TASK
Drop every picture, then transcribe the remaining data exactly.

INPUT DATA
========================

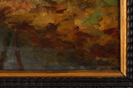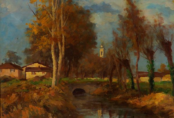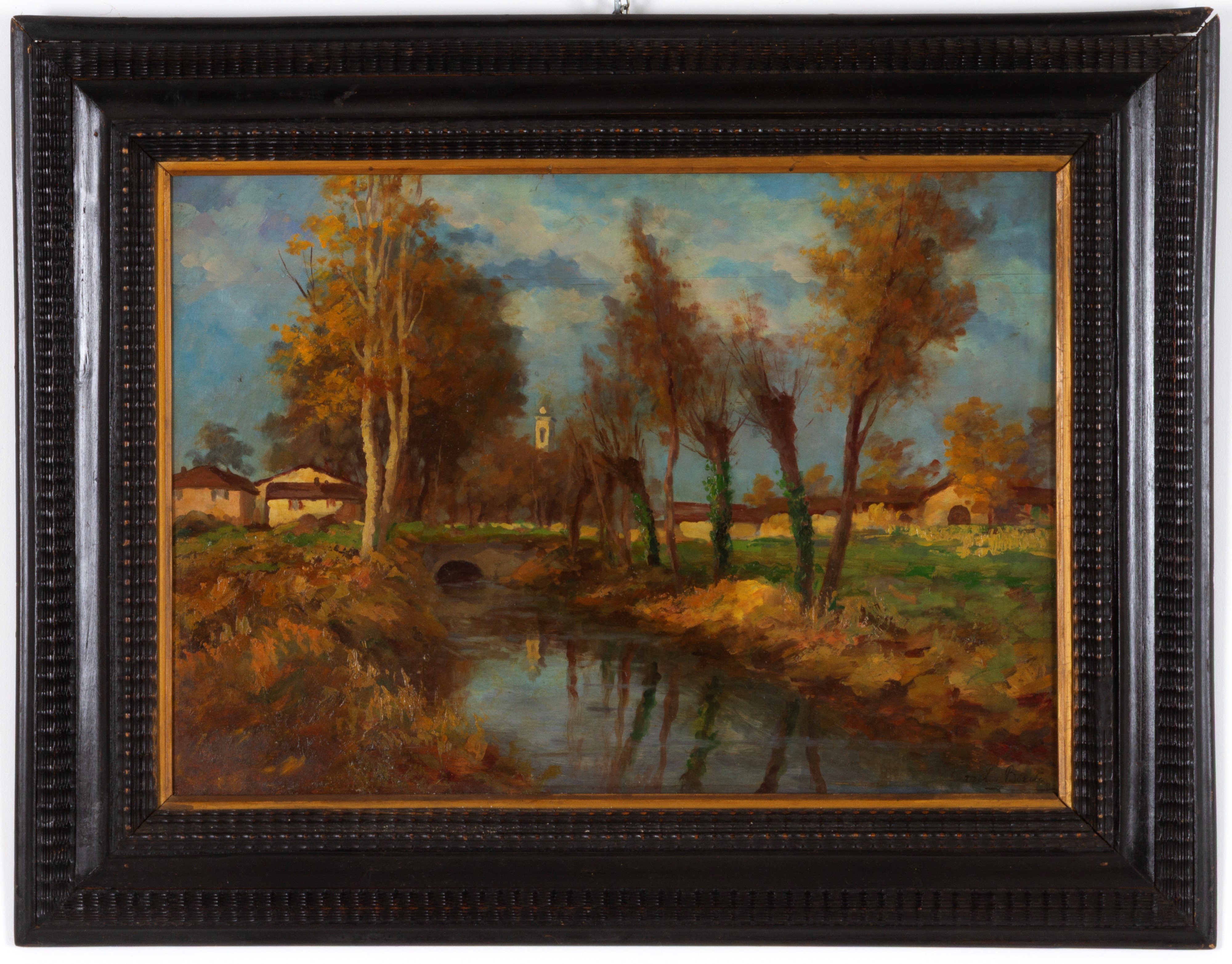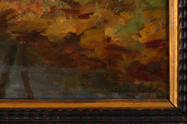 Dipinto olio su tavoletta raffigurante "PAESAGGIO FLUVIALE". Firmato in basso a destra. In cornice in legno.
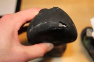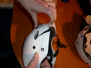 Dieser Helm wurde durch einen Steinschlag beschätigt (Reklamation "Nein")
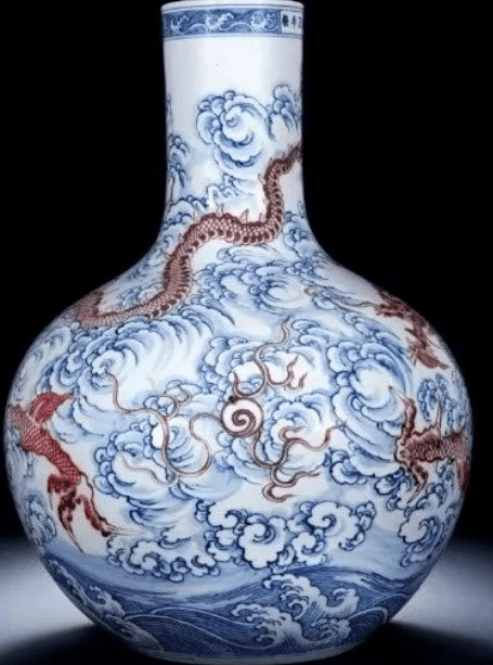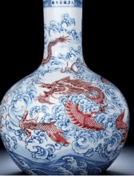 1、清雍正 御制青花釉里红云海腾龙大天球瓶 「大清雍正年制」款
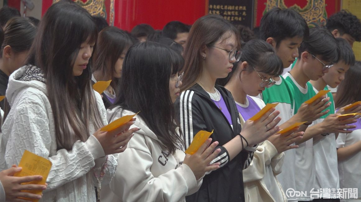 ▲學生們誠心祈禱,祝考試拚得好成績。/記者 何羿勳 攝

========================

RESPONSE
 Dipinto olio su tavoletta raffigurante "PAESAGGIO FLUVIALE". Firmato in basso a destra. In cornice in legno.
 Dieser Helm wurde durch einen Steinschlag beschätigt (Reklamation "Nein")
 1、清雍正 御制青花釉里红云海腾龙大天球瓶 「大清雍正年制」款
 ▲學生們誠心祈禱,祝考試拚得好成績。/記者 何羿勳 攝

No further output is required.